Here is the law, basically verbatim: '...cross should be hung, in a visible place, in the entrance hall of every office building as an expression of Bavaria's social and cultural identity.' It affects all ministries, police stations and courts, but is 'non-binding' on museums, opera houses and theaters. Most schools already have crosses displayed voluntarily, by the way.

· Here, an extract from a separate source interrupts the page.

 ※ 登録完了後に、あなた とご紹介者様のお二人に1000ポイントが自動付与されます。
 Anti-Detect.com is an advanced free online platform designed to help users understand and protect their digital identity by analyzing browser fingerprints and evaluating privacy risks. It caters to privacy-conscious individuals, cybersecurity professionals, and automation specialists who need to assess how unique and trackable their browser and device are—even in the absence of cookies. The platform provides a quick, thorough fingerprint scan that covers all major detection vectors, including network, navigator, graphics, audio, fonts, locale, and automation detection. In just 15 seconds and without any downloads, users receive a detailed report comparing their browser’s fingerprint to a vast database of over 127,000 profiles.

It strikes me that this law (not the symbol of the cross) is, realistically, the virtual division between the two social ideals that encompass much of the western world today as we face violence, war, factionalism, hurts, anger, even the divisions which threaten to divide mainline denominations in the world of organized religion. The same valley that separates the two expressions of high schoolers: both on stage this weekend, but one 'side' speaking and singing of hope, spirituality and love, while its opposite (yin/yang?) speaks of politics and political 'solutions'. America wrestles with violence (sectarian, religious, terrorist) as Germany does, and both countries lean to conjuring up new laws and old politics to heal what can really only be healed by something much bigger and stronger than the inanity and worthlessness of political arguments, ad nauseum. As someone wiser than many of us once said, we cannot solve problems with the same brain that created those problems. The thinking that created that problem seems not capable of coming up with solution, at least not in the same old patterns we have become accustomed to, and the thinking that our young ones have a tendency to rightly reject so forcefully.

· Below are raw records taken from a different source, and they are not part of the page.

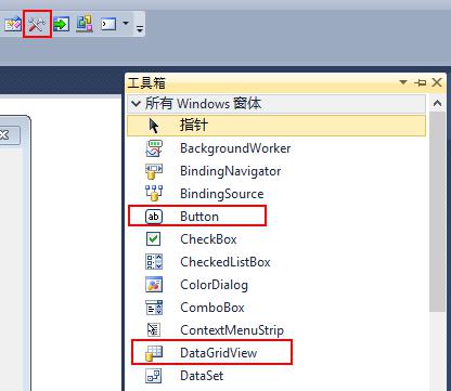 然后使用“工具箱”添加控件:分别添加button,datagridview,textbox三种窗体;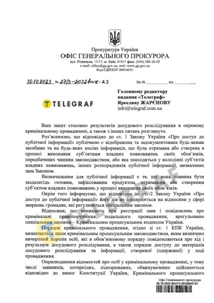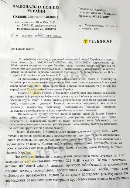 — Відповідно до пункту другого частини першої статті 22 Закону України "Про доступ до публічної інформації" розпорядник інформації має право відмовити в задоволені запиту в таких випадках, коли інформація, що запитується, належить до категорії інформації з обмеженим доступом (відповідно до ч.2 ст.6 цього Закону), — відрапортували в НПУ.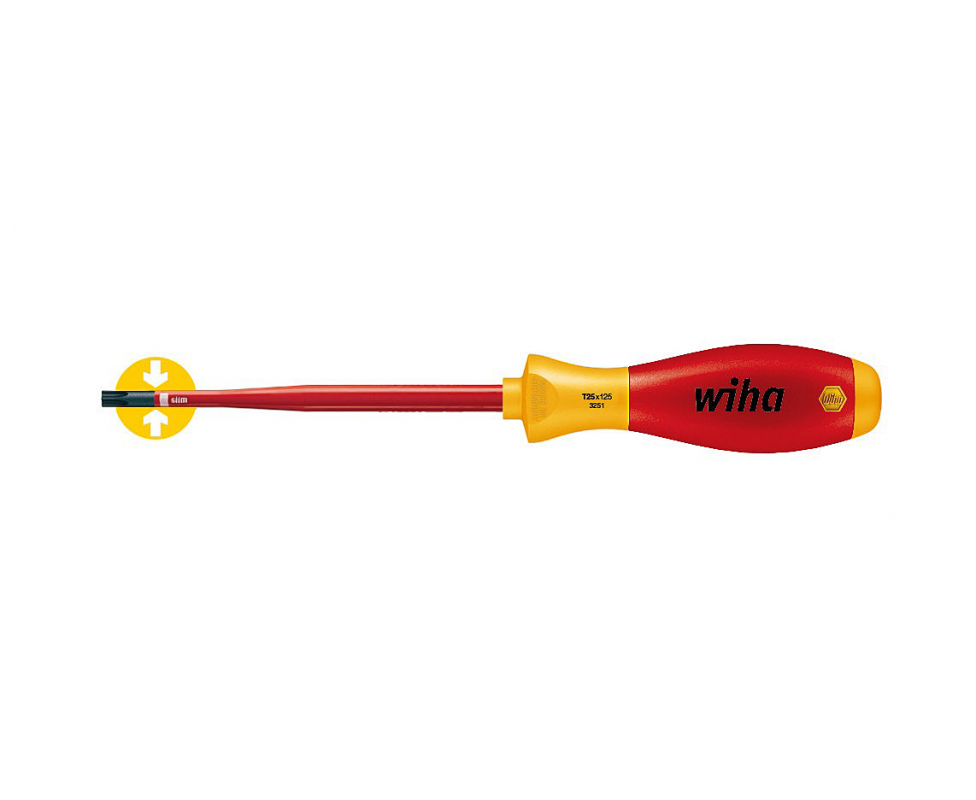 Отвертка-звездочка Wiha SoftFinish electric slimFix 3251 T40x150 36542 - диэлектрическая отвертка TORX с тонким жалом из высококачественной хром-ванадий-молибденовой стали. Защитное изоляционное напыление гарантирует безопасность (VDE и GS) при работе с деталями под напряжением до 1000 В. Интегрированная защитная изоляция.

The 'new thinking' does not find answers in religious symbols hung over our government doors (or static displays in front of courthouses) which only seem to aggravate tension, a psychic poke in the eye, so to speak, well meaning, we assume, that the expression of religious symbol may be... Nor does new thinking exist in marches, or laws, or even confrontation which so often degenerates into the same 'old thinking' and recrimination, and shouting, and worse. This 'new thinking' (as expressed by the teens in Syracuse, and so many thousands of hopeful teens across the country) appears to be ages old, a millennia of understanding by young and old, historically verifiable, gained by young and old, every color and creed; that is, standing up on a stage, in front of the world, but sans media exposure, and expressing age-old truths. Faith, hope and love will stand, and withstand, all the negativity, pain and violence that the world is throwing at us, and at our youth.

These young people on stage at the Methodist conference were not talking religion, per se, for religion is not really their message. These young people put spirituality and love at the top of their 'bucket list', and prove to us, as Wayne Dyer put it (rest his soul) "There is a spiritual solution to every problem". Not in specific religions (for religions are also divided by the same old laborious and tortured thinking and feelings, potential schisms and divisions), not in laws or court decisions, but personal, deeply felt decisions based on a faith, a hope, and a love that transcends all of those things which divide us... those kids on stage exemplified this. Listening to our hearts about truths that we know, in our hearts, to be true, and that transcend much of the distrust which threaten us, and the young people on stages and in classrooms around our world. I realized I had to choose between hope and despair that morning. I went with the kids on stage in Syracuse: I chose hope, as they did, and do.